Editor's Notes: Is Our Understanding of Business Success Overly Simple?

June 2, 2017
It’s terrific to be able to turn to experts like Daniel Kahneman, Ph.D., a Princeton University professor of psychology and public affairs, to help us reflect on the complexity of questions such as why some business ventures might succeed, while others do not.

I’ve been eyeball-deep in reading Thinking, Fast and Slow, the amazing 2011 book by Daniel Kahneman, Ph.D., the Princeton University professor of psychology and public affairs who won the 2002 Nobel Prize in Economic Sciences for his pioneering work with Amos Tversky on decision-making. Thinking, Fast and Slow is a riveting work of science and analysis, by someone who is a thought leader at the highest level.

As the book’s jacket notes, Kahneman “takes us on a groundbreaking tour of the mind and explains the two systems that drive the way we think. System 1 is fast, intuitive, and emotional; System 2 is slower, more deliberative, and more logical. The impact of overconfidence on corporate strategies, the difficulties of predicting what will make us happy in the future, the profound effect of cognitive biases on everything… can be understood only by knowing how the two systems shape our judgments and decisions.” This is a very conceptually dense book—and, at 499 pages in paperback, worthy of thoughtful study and reflection.

As he opens Chapter 19, “The Illusion of Understanding,” Kahneman writes, “The trader-philosopher-statistician Nassim Taleb could also be considered a psychologist…. [He] introduced the notion of a narrative fallacy to describe how flawed stories of the past shape our views of the world… Narrative fallacies arise inevitably from our continuous attempt to make sense of the world. The explanatory stories that people find compelling are simple,” he notes, and “assign a larger role to talent, stupidity, and intensions than to luck; and focus on a few striking events that happened rather than on the countless events that failed to happen.”

As Kahneman writes, “A compelling narrative fosters an illusion of inevitability. Consider the story of how Google turned into a giant of the technology industry,” he writes. “Two creative graduate students in the computer science department at Stanford University come up with a superior way of searching information on the Internet. They seek and obtain funding to start a company and make a series of decisions that work out well. Within a few years, the company they started is one of the most valuable stocks in America, and the two former graduate students are among the richest people on the planet.”

As Kahneman notes, the tendency to reach for very simple explanations, ones that harmonize with what we already know about the world, is incredibly strong in humans, even as the actual causes of any phenomenon as noteworthy as the success of Google are inevitably very complex.

It’s terrific to be able to turn to experts like Kahneman to help us reflect on the complexity of questions such as why some business ventures might succeed, while others do not. In the healthcare IT world, there are in fact so many dynamics at play that a thinker like Kahneman would find himself happily challenged to diagram all the elements involved in potential success and failure.

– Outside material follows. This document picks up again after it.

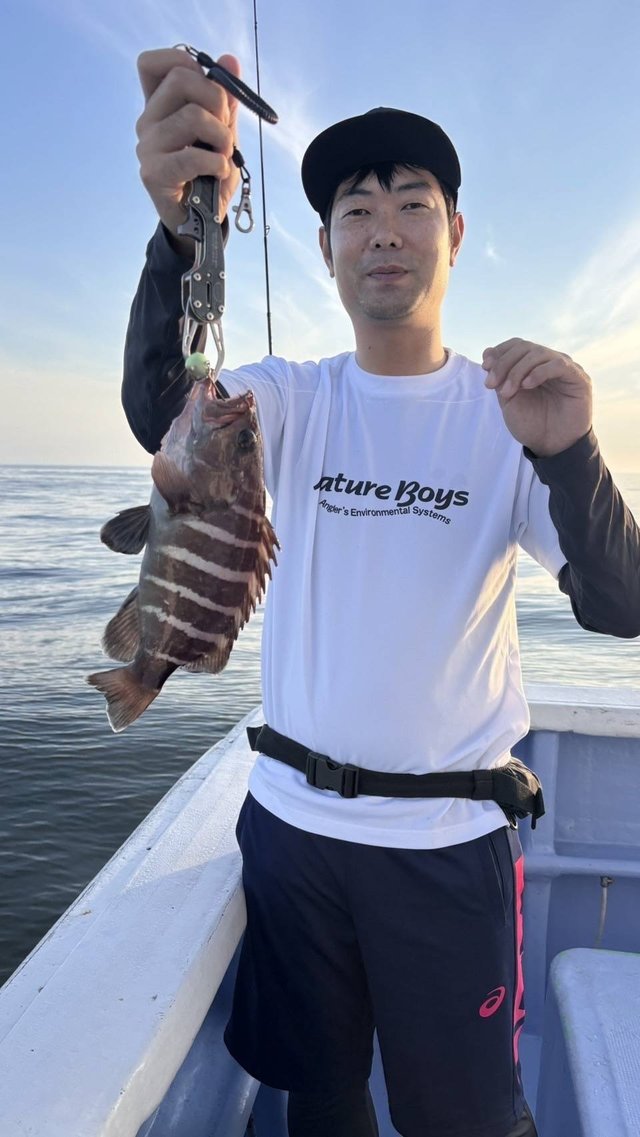 ★テンヤマダイ船 大鯛3.0kgヒット!! 良型混じり良い人2〜3匹でした!! 他に、ヒラメ、ヒラマサ、ハナダイ、カサゴ、マハタ、ショウサイフグなど! ★ムラソイ船 前半はムラソイ活性高く良型多数ヒットしましたが、台風の影響で次第にウネリ高くなり後半は苦戦しました。 他に、カサゴ、黒メバルなど多数混じりました!

At Healthcare Informatics, we are pleased once again to present our annual Healthcare Informatics 100, a unique, and uniquely authoritative, compendium of the leading healthcare IT vendor firms by revenue, as well as our Most Interesting Vendors profiles (read the Epic profile here, and the Optum profile here), and our stories on Up and Comers (see full The 100 coverage here), smaller but rapidly progressing firms in healthcare IT. None of the success stories of any of these vendor companies should be reduced to simple, fairy tale-like narratives; indeed, success in the healthcare IT industry these days inevitably involves a welter of complex variables. But how and where solutions providers are succeeding (or not succeeding) in the current market, is a question worthy of the complexity of reflection on the part of someone like Daniel Kahneman to ponder for its significance, and highly worthy of analysis and study. Happy reading!